• **Exercise data**:
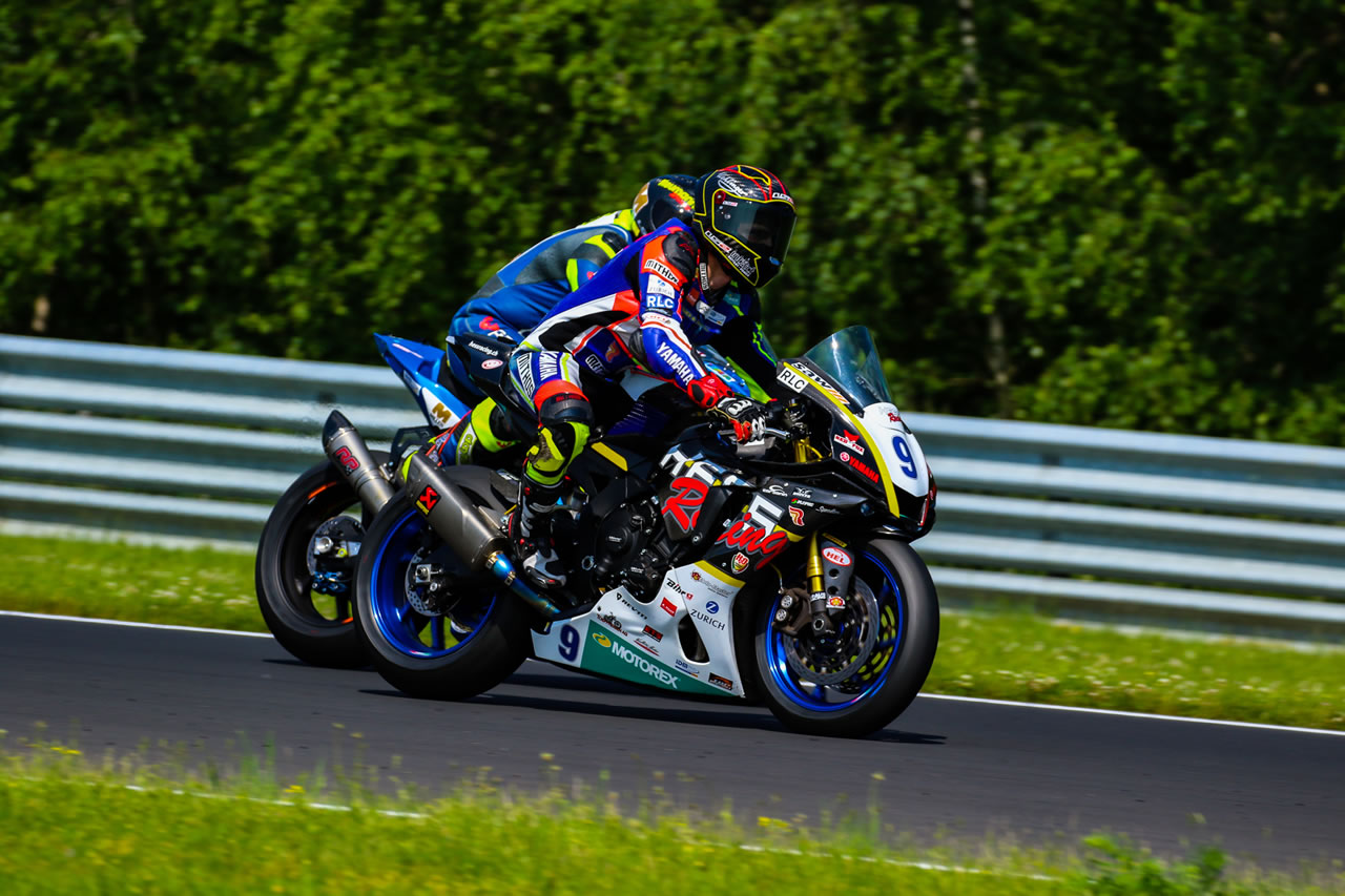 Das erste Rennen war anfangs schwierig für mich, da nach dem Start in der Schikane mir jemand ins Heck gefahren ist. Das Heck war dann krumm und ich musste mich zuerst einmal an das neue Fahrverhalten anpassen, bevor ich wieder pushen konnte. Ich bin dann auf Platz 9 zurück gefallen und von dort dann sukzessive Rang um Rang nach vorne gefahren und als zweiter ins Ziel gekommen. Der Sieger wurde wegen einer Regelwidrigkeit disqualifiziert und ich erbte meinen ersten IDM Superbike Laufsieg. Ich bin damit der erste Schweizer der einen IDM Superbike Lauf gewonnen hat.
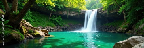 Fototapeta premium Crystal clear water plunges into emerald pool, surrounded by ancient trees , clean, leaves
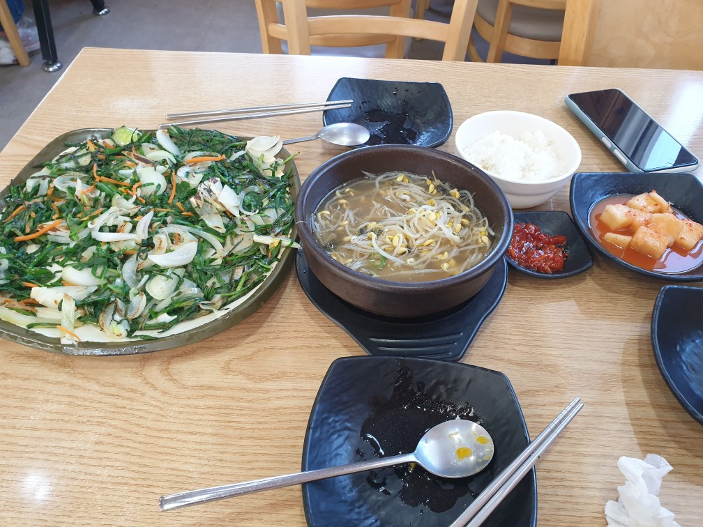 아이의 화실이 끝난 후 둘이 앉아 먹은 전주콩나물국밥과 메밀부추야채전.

• **Work instructions**: Would you give the material back exactly, minus the pictures?

• **Written response**:
 Das erste Rennen war anfangs schwierig für mich, da nach dem Start in der Schikane mir jemand ins Heck gefahren ist. Das Heck war dann krumm und ich musste mich zuerst einmal an das neue Fahrverhalten anpassen, bevor ich wieder pushen konnte. Ich bin dann auf Platz 9 zurück gefallen und von dort dann sukzessive Rang um Rang nach vorne gefahren und als zweiter ins Ziel gekommen. Der Sieger wurde wegen einer Regelwidrigkeit disqualifiziert und ich erbte meinen ersten IDM Superbike Laufsieg. Ich bin damit der erste Schweizer der einen IDM Superbike Lauf gewonnen hat.
 Fototapeta premium Crystal clear water plunges into emerald pool, surrounded by ancient trees , clean, leaves
 아이의 화실이 끝난 후 둘이 앉아 먹은 전주콩나물국밥과 메밀부추야채전.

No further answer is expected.